▶ _Exercise materials_:
——

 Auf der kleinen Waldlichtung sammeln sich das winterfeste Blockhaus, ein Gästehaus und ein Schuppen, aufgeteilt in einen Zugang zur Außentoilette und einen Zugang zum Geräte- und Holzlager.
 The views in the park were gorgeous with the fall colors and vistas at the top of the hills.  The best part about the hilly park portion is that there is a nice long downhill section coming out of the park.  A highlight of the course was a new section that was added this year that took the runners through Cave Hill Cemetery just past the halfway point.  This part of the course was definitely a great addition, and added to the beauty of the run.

——

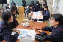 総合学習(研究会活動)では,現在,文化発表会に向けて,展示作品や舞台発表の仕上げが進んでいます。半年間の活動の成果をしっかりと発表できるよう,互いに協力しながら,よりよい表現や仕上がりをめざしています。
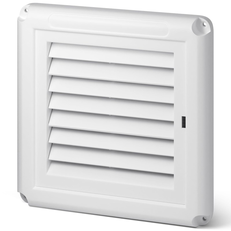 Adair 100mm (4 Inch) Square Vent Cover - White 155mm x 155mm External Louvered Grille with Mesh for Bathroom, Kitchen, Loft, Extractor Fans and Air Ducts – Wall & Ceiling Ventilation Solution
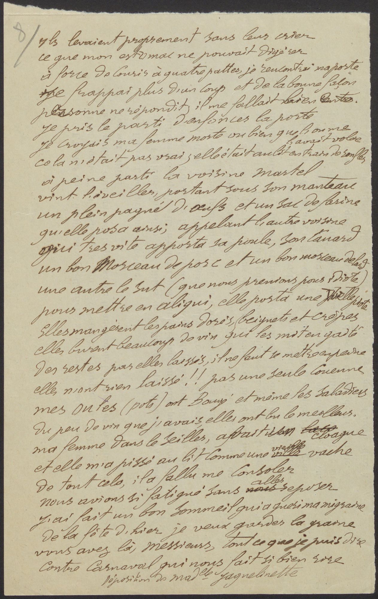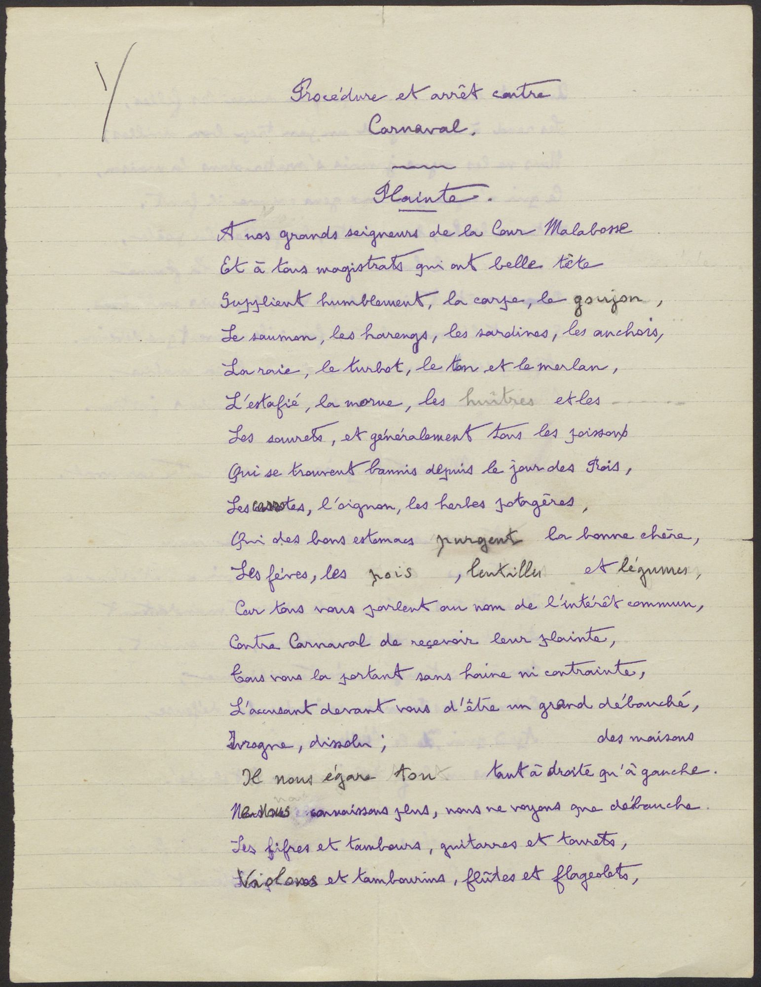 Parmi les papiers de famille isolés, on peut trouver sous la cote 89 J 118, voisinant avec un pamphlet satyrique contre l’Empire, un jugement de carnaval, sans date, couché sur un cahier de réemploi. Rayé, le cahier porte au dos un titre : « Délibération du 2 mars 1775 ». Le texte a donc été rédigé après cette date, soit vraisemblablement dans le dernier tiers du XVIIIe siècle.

——

▶ _Aim of the exercise_: Would you retype the lines above from the one with "Auf der kleinen" down to the one with "The views in", word for word, both ends included and no other lines?

▶ _Your solution_:
 Auf der kleinen Waldlichtung sammeln sich das winterfeste Blockhaus, ein Gästehaus und ein Schuppen, aufgeteilt in einen Zugang zur Außentoilette und einen Zugang zum Geräte- und Holzlager.
 The views in the park were gorgeous with the fall colors and vistas at the top of the hills.  The best part about the hilly park portion is that there is a nice long downhill section coming out of the park.  A highlight of the course was a new section that was added this year that took the runners through Cave Hill Cemetery just past the halfway point.  This part of the course was definitely a great addition, and added to the beauty of the run.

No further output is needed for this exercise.